White Meat Explanation

Many have heard, and will generally classify meats, in one of two categories: red meat, or white meat.  Often people believe the coloration of the meat is based on the presence of blood.  This is actually false but is one reason that many will reject the idea of eating "red" meat because it has blood.  Fish and poultry do in fact have blood and it is how the oxygen is carried through to their vital organs.

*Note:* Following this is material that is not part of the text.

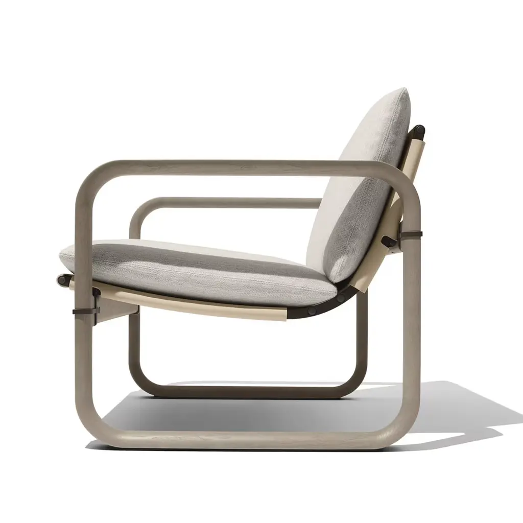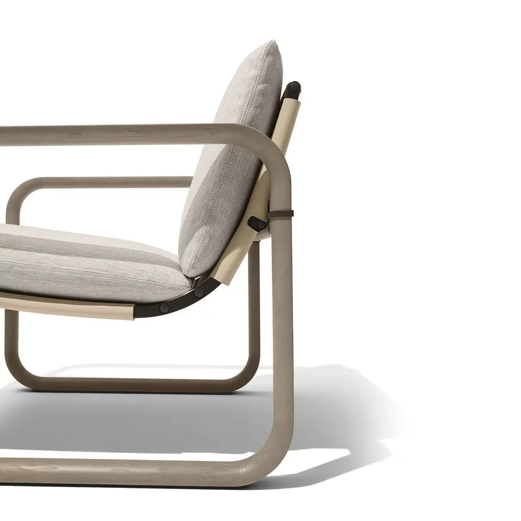 Loop outdoor lounge chair is born from the intersection of pure geometric shapes, refined by soft elements. The lounge chair is made of ash wood and aluminum, available in two heights. The wide cushions are covered with a removable waterproof cover.
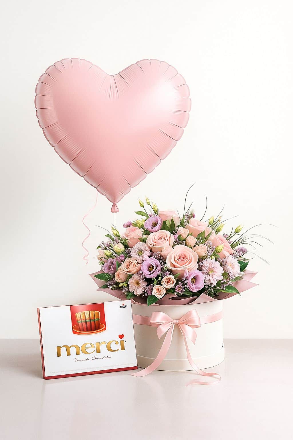 Zestaw uzupełnia balon w kształcie serca w odcieniu pudrowego różu – symbol czułości, miłości i słodkich emocji, który pięknie dopełnia kompozycję. Dodatkowo zestaw zawiera elegancką czekoladkę, tworząc idealny prezent na Walentynki, rocznicę, urodziny lub każdą chwilę, którą chcesz zamienić w wyjątkową.

What makes red meat red is the increased presence of Myoglobin (not to be confused with hemoglobin which is in blood) in red meat.  Blood will absolutely be present in raw meat (including white meat), but the red color is not primarily because of the blood but because of the Myoglobin.  White meat is white because it lacks the elevated Myoglobin levels present in red meat, but this should not be confused with lack of blood.  Fish, generally, don't appear to have blood in the filets (especially at super markets) because the filets are thinner, they've been rinsed, and fish contain less blood then adult mammals, which makes it easier to "clean."  Anyone who has filleted a fish knows that fish contain red blood.

The basic idea behind this ideology is that it is fine to classify the meats this way, but to believe that red meat isn't clean because it has blood in it would be neglecting the fact that white meat has blood as well.  Cooking both red and white meat thoroughly would eliminate this issue, but people just can't help but to think that red meat is red because of blood.